**SOURCE MATERIAL**

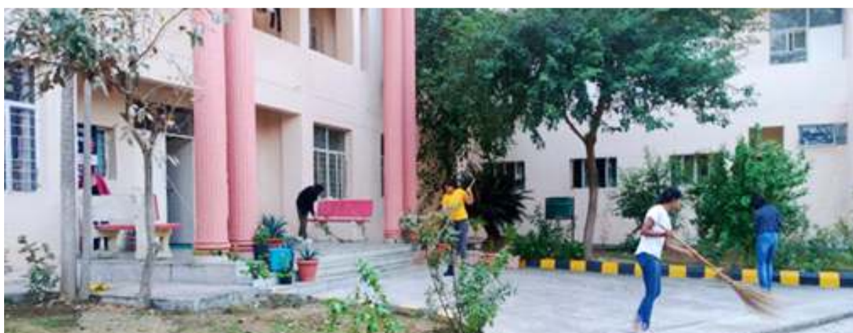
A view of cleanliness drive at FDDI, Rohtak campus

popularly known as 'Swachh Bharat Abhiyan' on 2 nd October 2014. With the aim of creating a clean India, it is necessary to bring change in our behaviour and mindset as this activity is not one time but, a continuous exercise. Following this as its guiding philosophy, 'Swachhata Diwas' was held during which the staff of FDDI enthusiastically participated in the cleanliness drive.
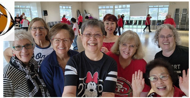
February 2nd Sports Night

**YOUR INSTRUCTIONS**
Leaving every picture out, repeat each line of the material exactly.

**ANSWER FOR THE TASK**
A view of cleanliness drive at FDDI, Rohtak campus

popularly known as 'Swachh Bharat Abhiyan' on 2 nd October 2014. With the aim of creating a clean India, it is necessary to bring change in our behaviour and mindset as this activity is not one time but, a continuous exercise. Following this as its guiding philosophy, 'Swachhata Diwas' was held during which the staff of FDDI enthusiastically participated in the cleanliness drive.
February 2nd Sports Night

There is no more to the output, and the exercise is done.